→ **What is needed**: Take from the entries below the stretch from the line with "한국몬테소리는 150년 전통의" through the line with "遊具の方では、鉄棒などに挑戦", and return it exactly, leaving the pictures out.

Recorded data:
::::
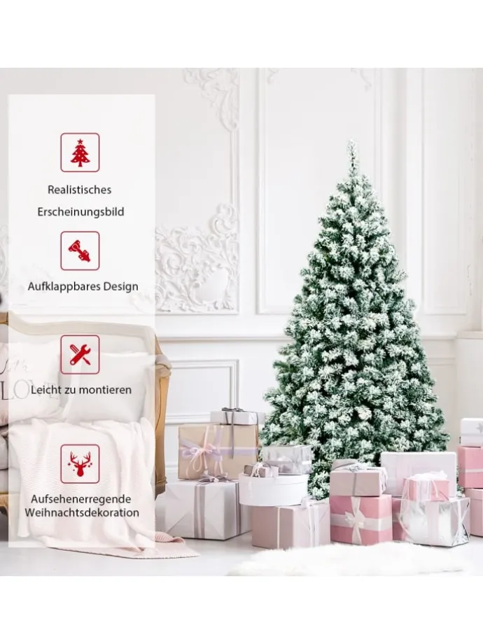 Verwandeln Sie Ihr Wohnzimmer in ein einzigartiges Winterwunderland mit unserem beleuchteten und schneebedeckten Weihnachtsbaum. Der Baum, der aus 928 Zweigen und schneebedeckten Nadeln gefertigt ist, ist dicht und elegant. Er sieht fast wie ein echter Baum aus. Aus hochwertigem PVC hergestellt fallen die sorgfältig verarbeiteten Nadeln nicht leicht ab und verblassen nicht, was eine langfristige Nutzung gewährleistet. 250 warme LED-Leuchten, die an den Zweigenangebracht sind, bringen einen festlichen Glanz in Ihr Zuhause. Gestützt von einem stabilen Metallständer wird dieser künstliche Weihnachtsbaum auch in den kommenden Jahren aufrecht stehen. Gleichzeitig ist der Metallständer klappbar, um die Lagerung zu erleichtern. Dank der klappbaren Konstruktion lässt sich der künstliche Baum leicht aufstellen und aufschütteln. Darüber hinaus kann er in 3 Abschnitte unterteilt und in einer Aufbewahrungstasche untergebracht werden, sodass er später leicht wiederverwendet werden kann. Mit seinem hübschen Aussehen wird dieser schneebedeckte Weihnachtsbaum mit Sicherheit überall eine tolle Dekoration sein.
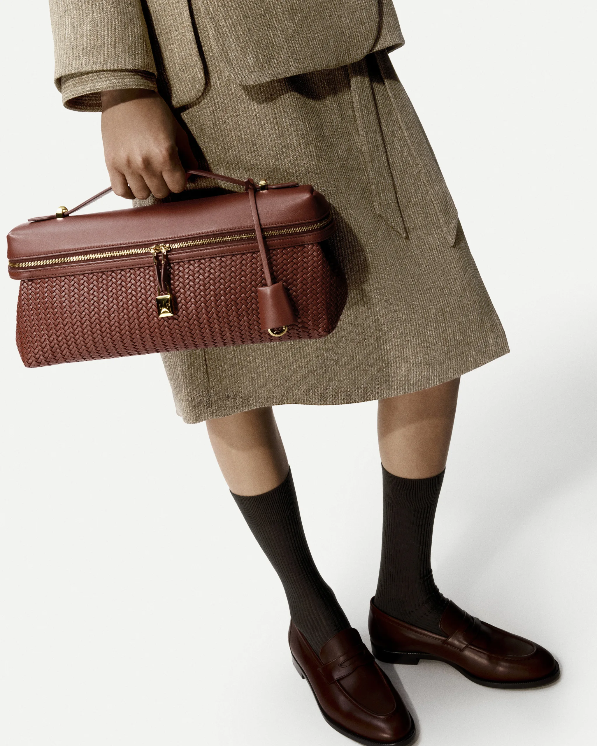 The piece also features a vintage-style leather keyring with the Ghiera charm. Meanwhile, the adjustable and fully detachable strap allows the bag to be worn on the shoulder or across the body. The strap is attached using a bridge hook inspired by the curve of the handle. Securing the wide zip opening is the brand’s signature gold three-dimensional padlock, engraved with the Loro Piana initials.
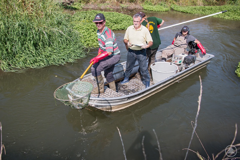 Obwohl die Renaturierung erst vor wenigen Jahren durchgeführt wurde, bietet sich dem Bezirkskämmerer ein Bild, das ganz anders ist als das vieler anderer heimischer, meist begradigter Fließgewässer: Das Flüsschen ist verschlungen, mal schmal und mal breit, hat kleine Inseln, die von Bewuchs bedeckt sind. Es liegt viel Totholz im Wasser und verschiedene Schilfarten haben sich angesiedelt. Nach einer kurzen Vorbesprechung und Arbeitseinteilung geht es mit dem Boot der Fischereifachberatung ins Wasser. Thomas Klaus hat sich bereit erklärt, Protokoll zu führen, also auf Zuruf seiner heutigen Kollegen Art und Größe jedes gefangenen Fischs schriftlich zu erfassen.
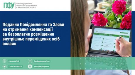 В Пенсійному фонді України реалізовано новий електронний сервіс, який дозволяє дистанційно звернутись за призначенням компенсації витрат за безоплатне розміщення внутрішньо переміщених осіб (далі – ВПО) з відповідним повідомленням та заявою через вебпортал Пенсійного фонду України (далі – ПФУ).
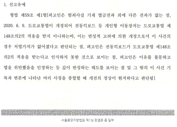 그러나 속도나 무게 등에서도 자전거와 비슷한 개인형 이동장치를 자동차와 동일한 기준으로 음주운전 처벌 하는 것은 부당한 것이고, 개정법은 이와 같은 점에 대한 반성적 고려에서 비롯된 것이라고 봄이 타당하다는 것이 저의 생각입니다.
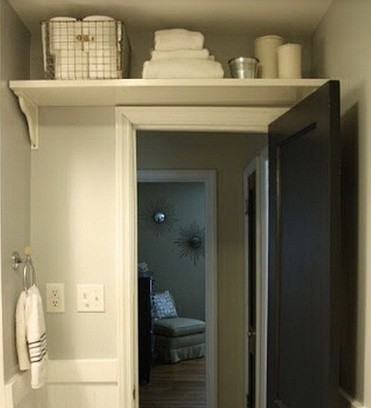 无处不在的收纳心机,如果浴室空间真是有限,也只能出此下策了,在门框上方开发一处收藏空间,那些毛巾、卷纸类就收在那里!但取出时一定要注意安全哦!
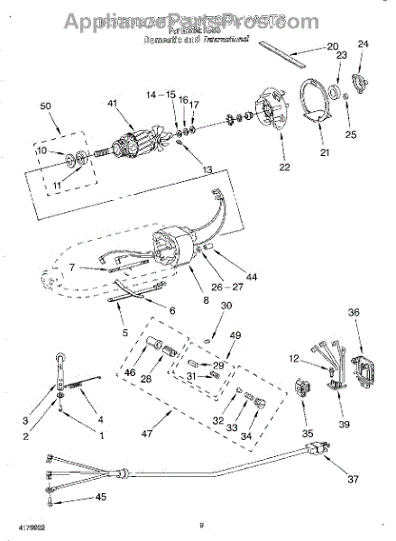 Motor brush holder includes illustration numbers: 28, 32, 33, 34, & 46.
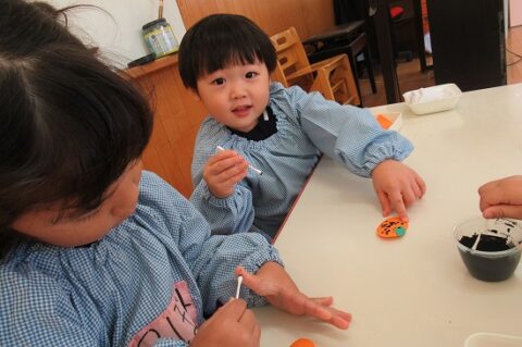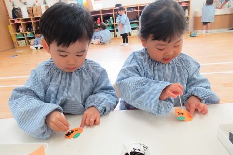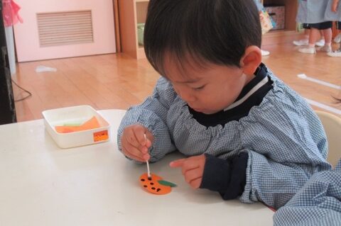 綿棒を使って、🍊みかんのツブツブを表現🍊
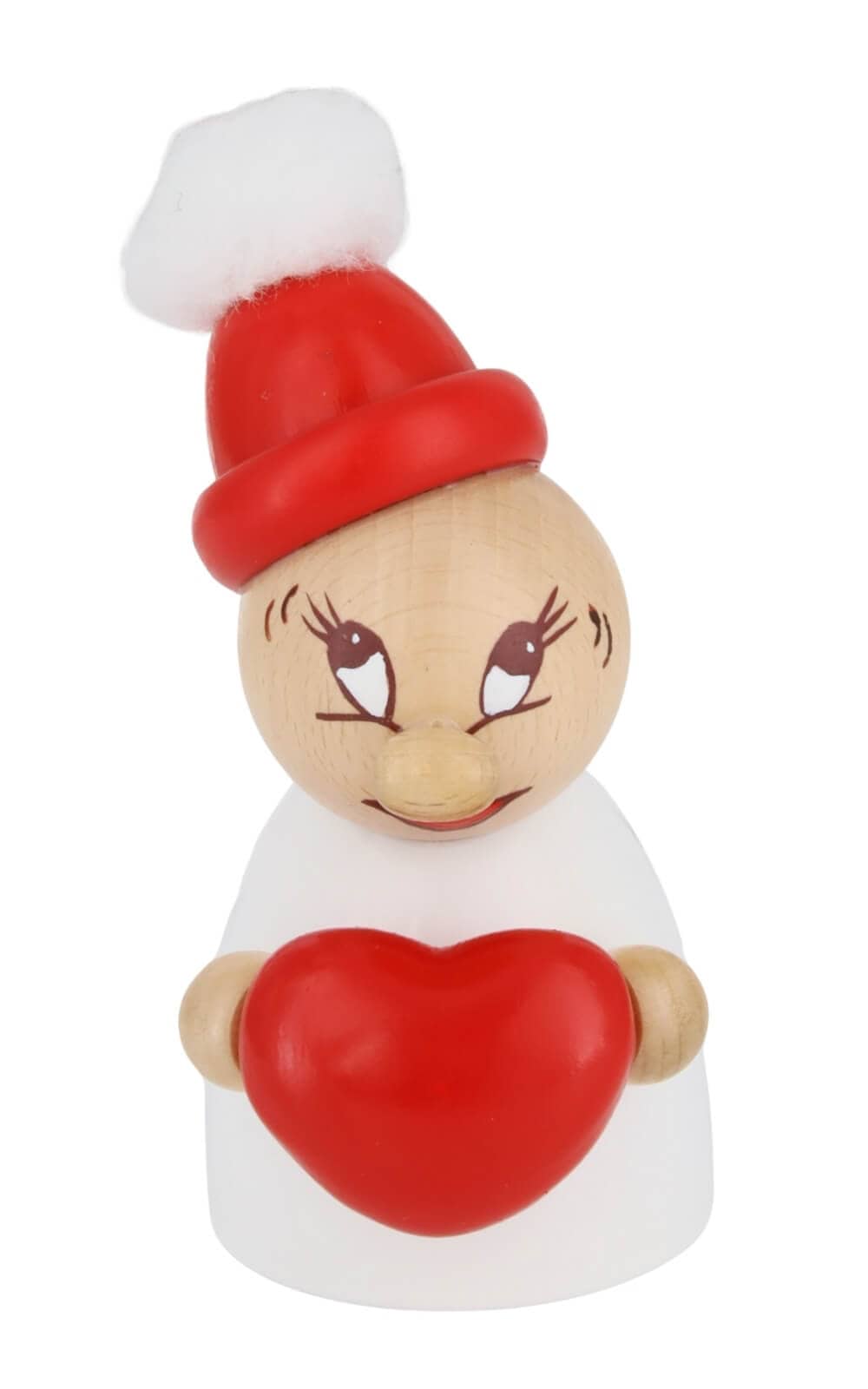 Die Miniatur Valentine mit roter Holzmütze, Bommel und Herz - Clumsy von Steinbach ist eine liebevolle Geste, die von Herzen kommt. Mit einem verschmitzten Lächeln und einem großen roten Herz in den Armen bringt sie die Sprache der Zuneigung auf ganz charmante Weise zum Ausdruck. Perfekt für alle, die am Valentinstag mehr sagen möchten als nur „Ich liebe dich“.
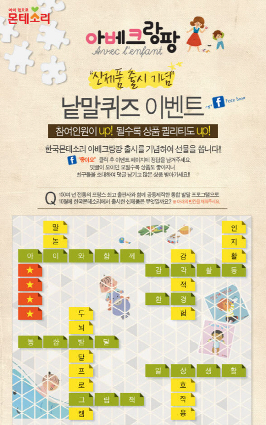 한국몬테소리는 150년 전통의 프랑스 최고 출판사와 공동으로 제작한 신제품 "아베크랑팡" 출시를 기념하여 10월 28일부터 11월 20일까지 몬테소리 페이스북(www.facebook.com/kr.montessori)을 통해 이벤트를 실시한다.
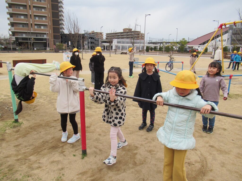 遊具の方では、鉄棒などに挑戦しながらできるようになった技なども見せてくれたり、子どもたち同士で「もっと足あげて!」とアドバイスを出し合いながら技ができるように頑張っています。
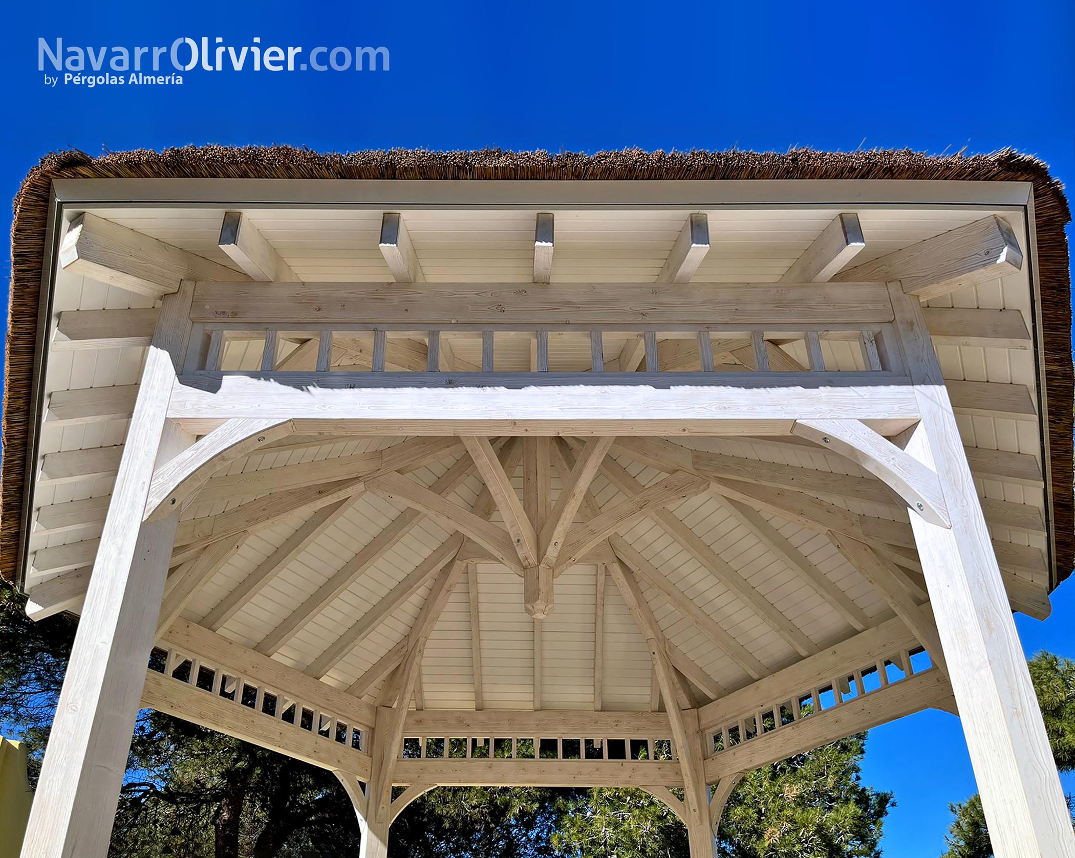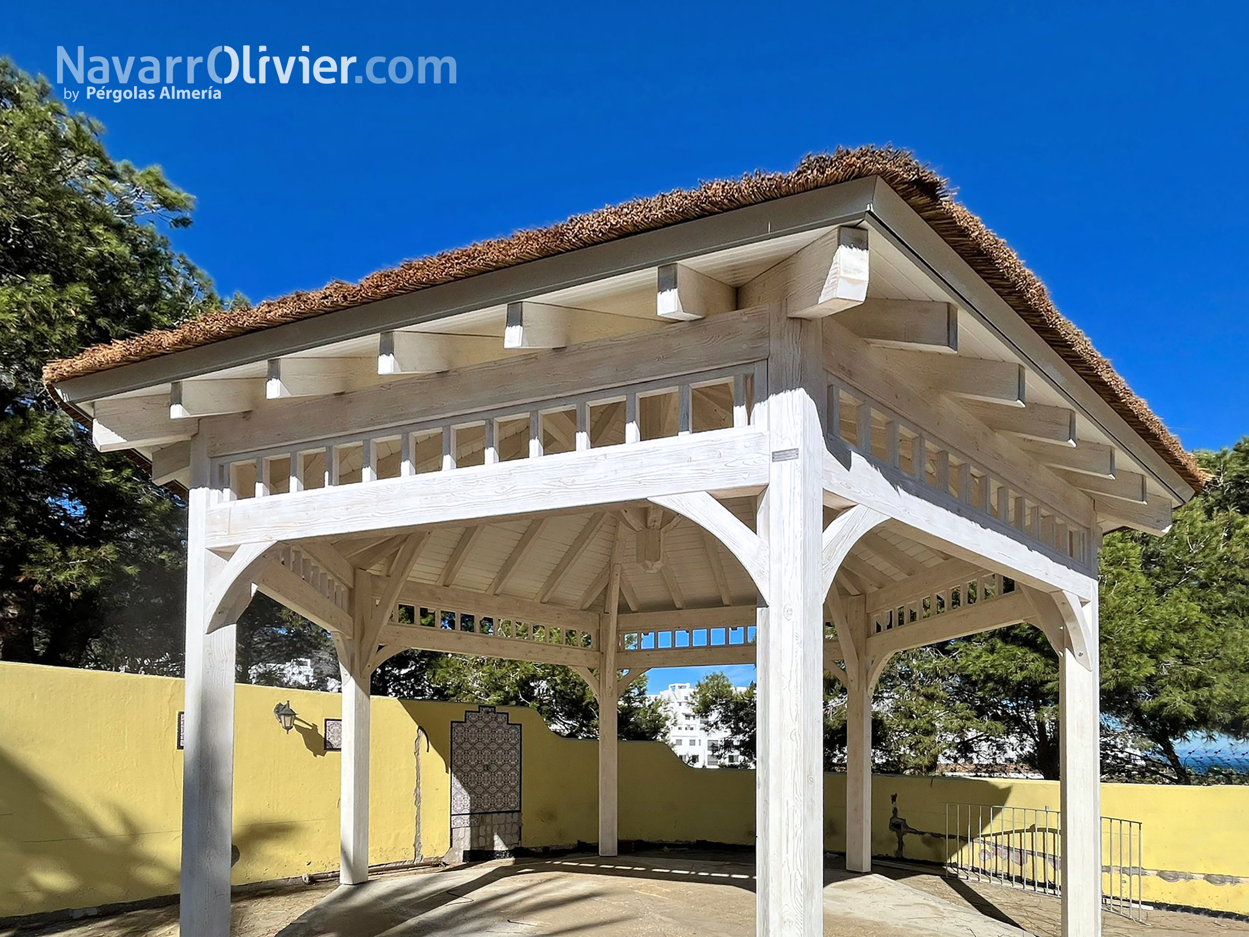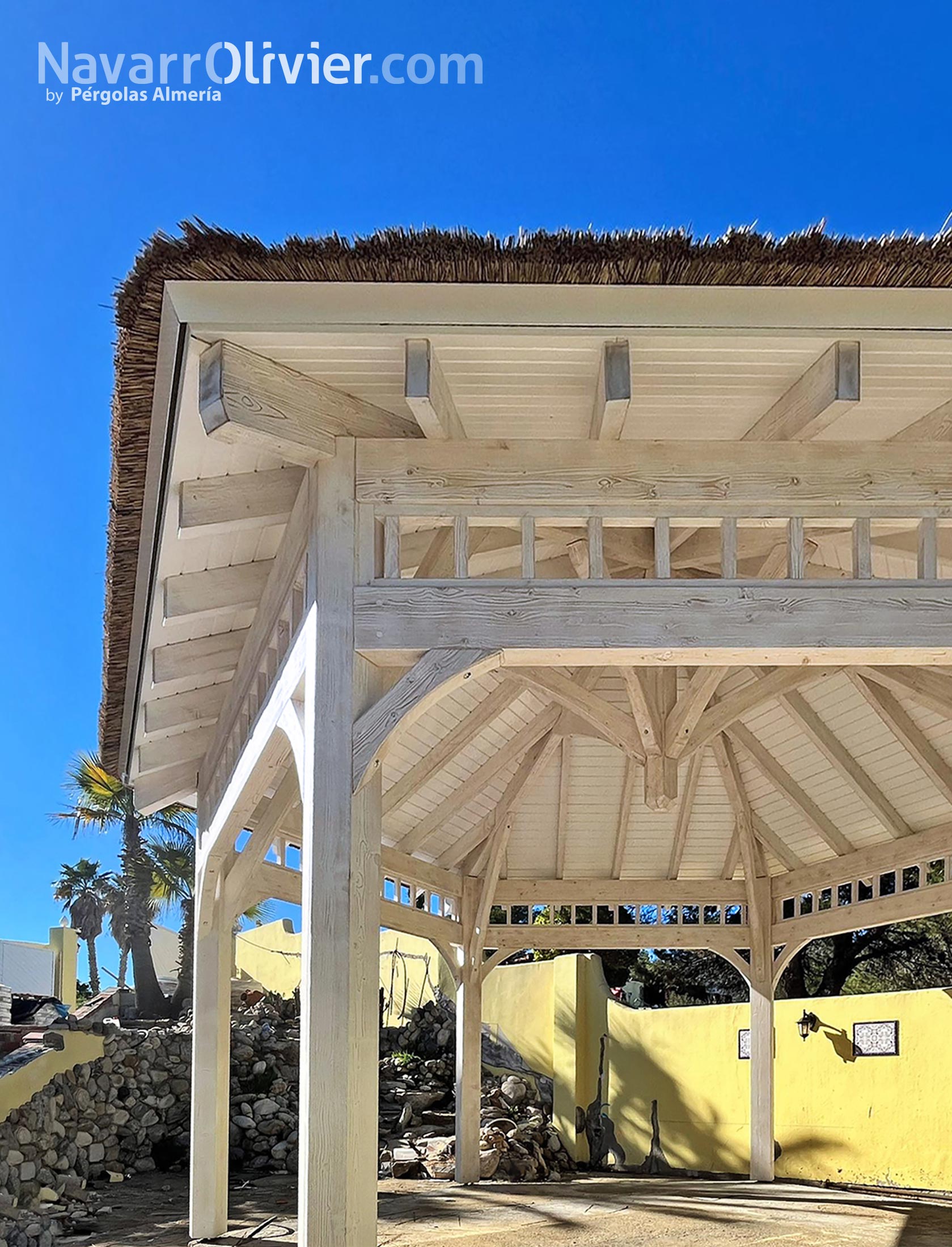 La estructura, de cuidada estética, está construida de madera estructural de pino rustificado con acabado en decapé blanco, su cubierta poligonal a con pendiente a 6 aguas, está rematada de con tejas de junco africano, este aporte natural acerca la construcción al estilo mediterráneo, una invitación a disfrutar de la vida al aire libre.
::::
→ **Exercise response**:
 한국몬테소리는 150년 전통의 프랑스 최고 출판사와 공동으로 제작한 신제품 "아베크랑팡" 출시를 기념하여 10월 28일부터 11월 20일까지 몬테소리 페이스북(www.facebook.com/kr.montessori)을 통해 이벤트를 실시한다.
 遊具の方では、鉄棒などに挑戦しながらできるようになった技なども見せてくれたり、子どもたち同士で「もっと足あげて!」とアドバイスを出し合いながら技ができるように頑張っています。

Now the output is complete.